- [Required action]: When the line with "ギャガ40周年記念特集上映の" turns up below, begin repeating exactly, and carry on through the line with "Säljer en stilren"; no pictures go into the copy.

- [Data for the task]:
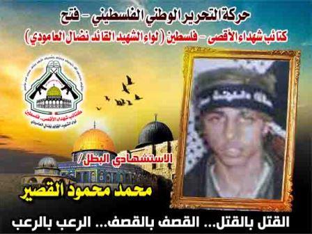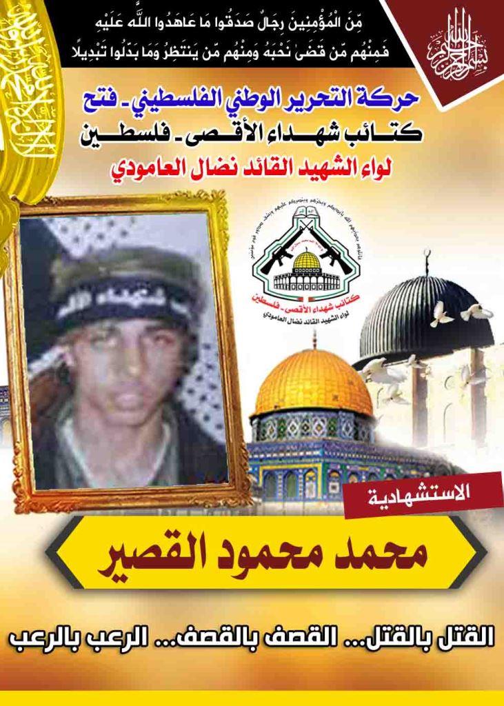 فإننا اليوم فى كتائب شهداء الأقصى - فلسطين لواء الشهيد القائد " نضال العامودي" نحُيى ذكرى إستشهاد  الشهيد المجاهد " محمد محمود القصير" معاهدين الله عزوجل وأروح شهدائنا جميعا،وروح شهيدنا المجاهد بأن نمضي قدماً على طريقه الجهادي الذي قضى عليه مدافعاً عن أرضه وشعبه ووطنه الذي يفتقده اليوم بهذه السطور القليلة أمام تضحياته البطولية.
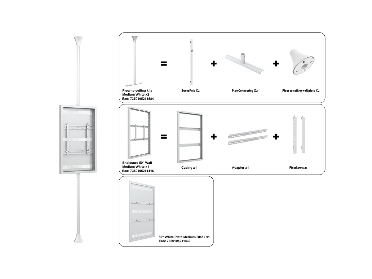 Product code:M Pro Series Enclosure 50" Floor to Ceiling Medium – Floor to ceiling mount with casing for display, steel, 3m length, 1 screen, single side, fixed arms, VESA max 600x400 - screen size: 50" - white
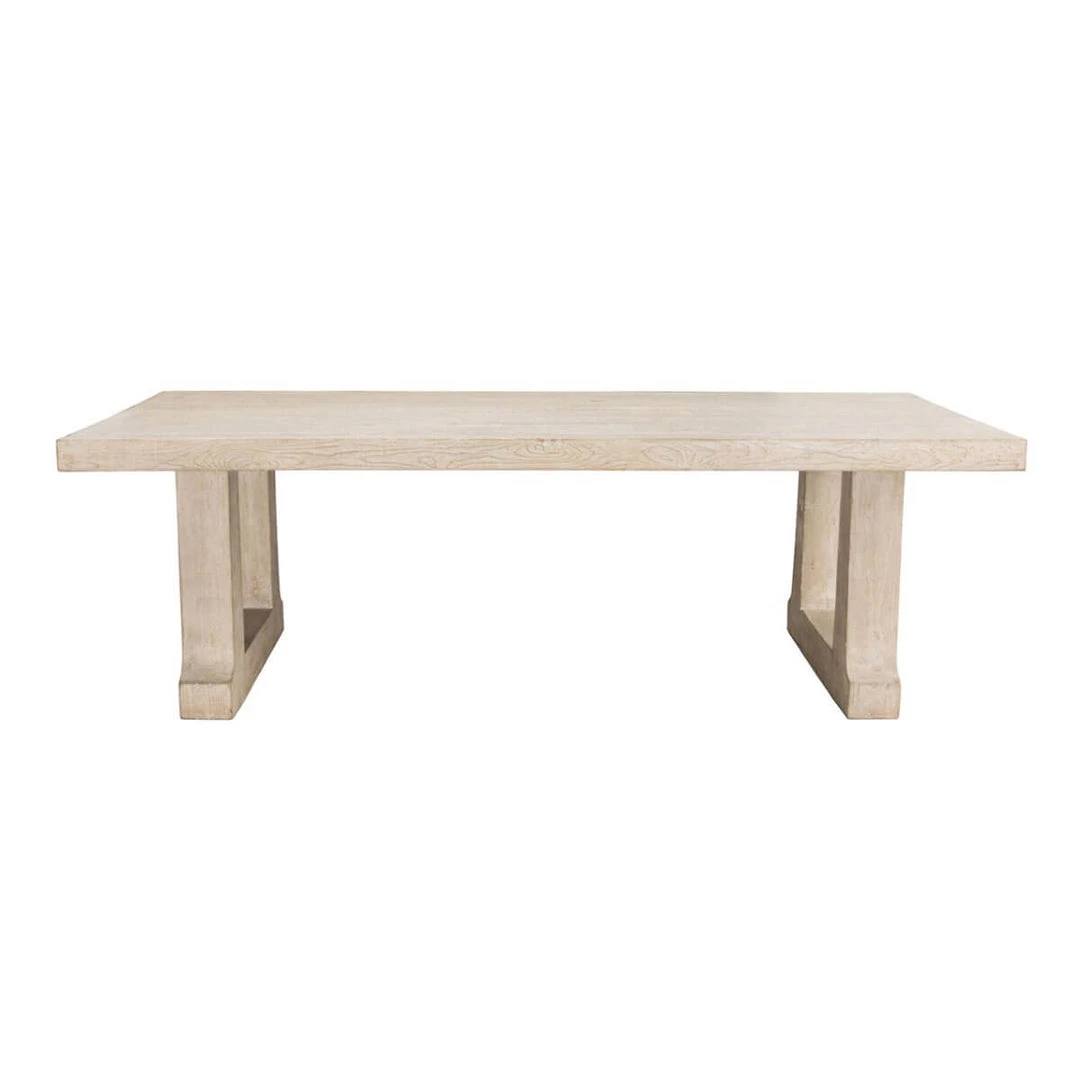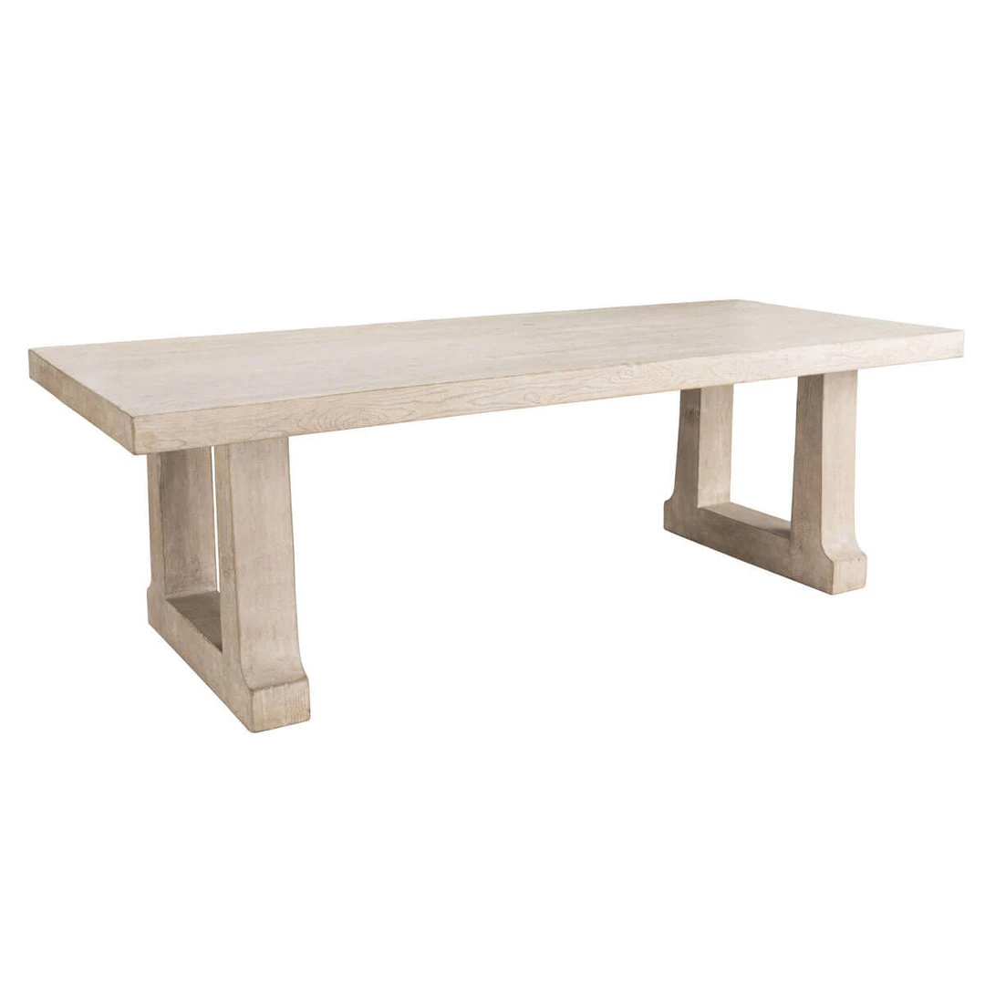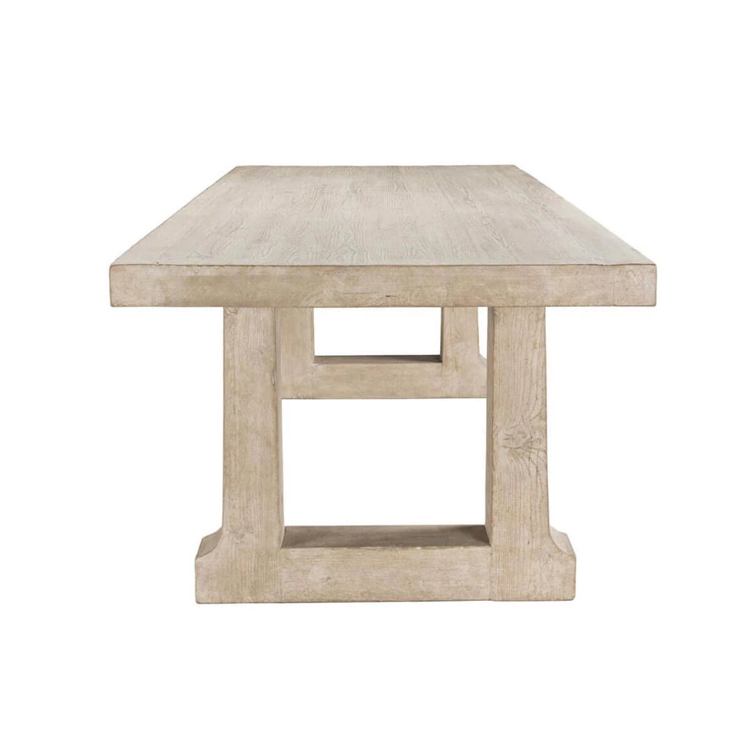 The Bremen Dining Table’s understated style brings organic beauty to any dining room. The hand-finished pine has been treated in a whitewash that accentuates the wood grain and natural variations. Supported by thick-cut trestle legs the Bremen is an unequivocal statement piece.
* * *
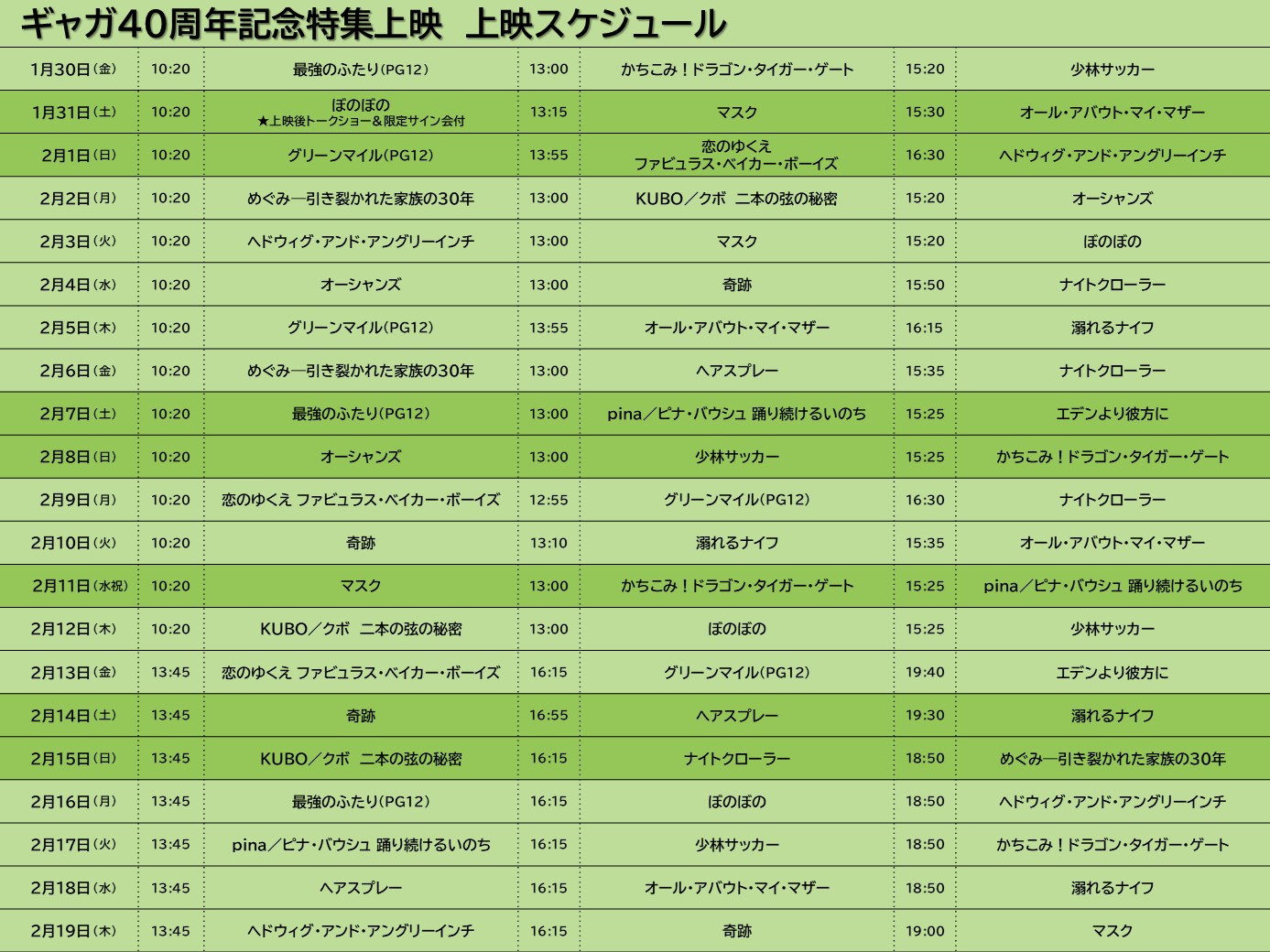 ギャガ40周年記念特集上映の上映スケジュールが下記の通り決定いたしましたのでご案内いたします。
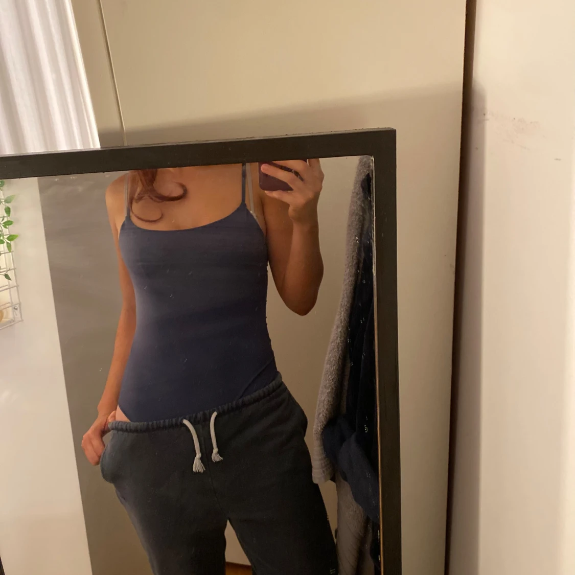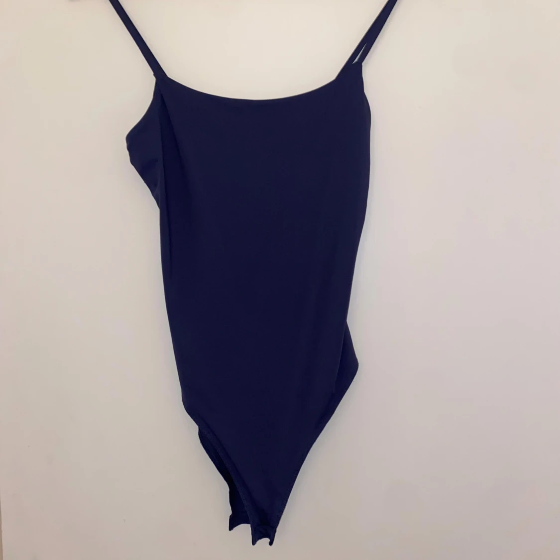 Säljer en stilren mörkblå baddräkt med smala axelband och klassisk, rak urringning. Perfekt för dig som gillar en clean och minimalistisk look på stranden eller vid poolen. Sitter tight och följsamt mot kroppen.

- [Reply]:
 ギャガ40周年記念特集上映の上映スケジュールが下記の通り決定いたしましたのでご案内いたします。
 Säljer en stilren mörkblå baddräkt med smala axelband och klassisk, rak urringning. Perfekt för dig som gillar en clean och minimalistisk look på stranden eller vid poolen. Sitter tight och följsamt mot kroppen.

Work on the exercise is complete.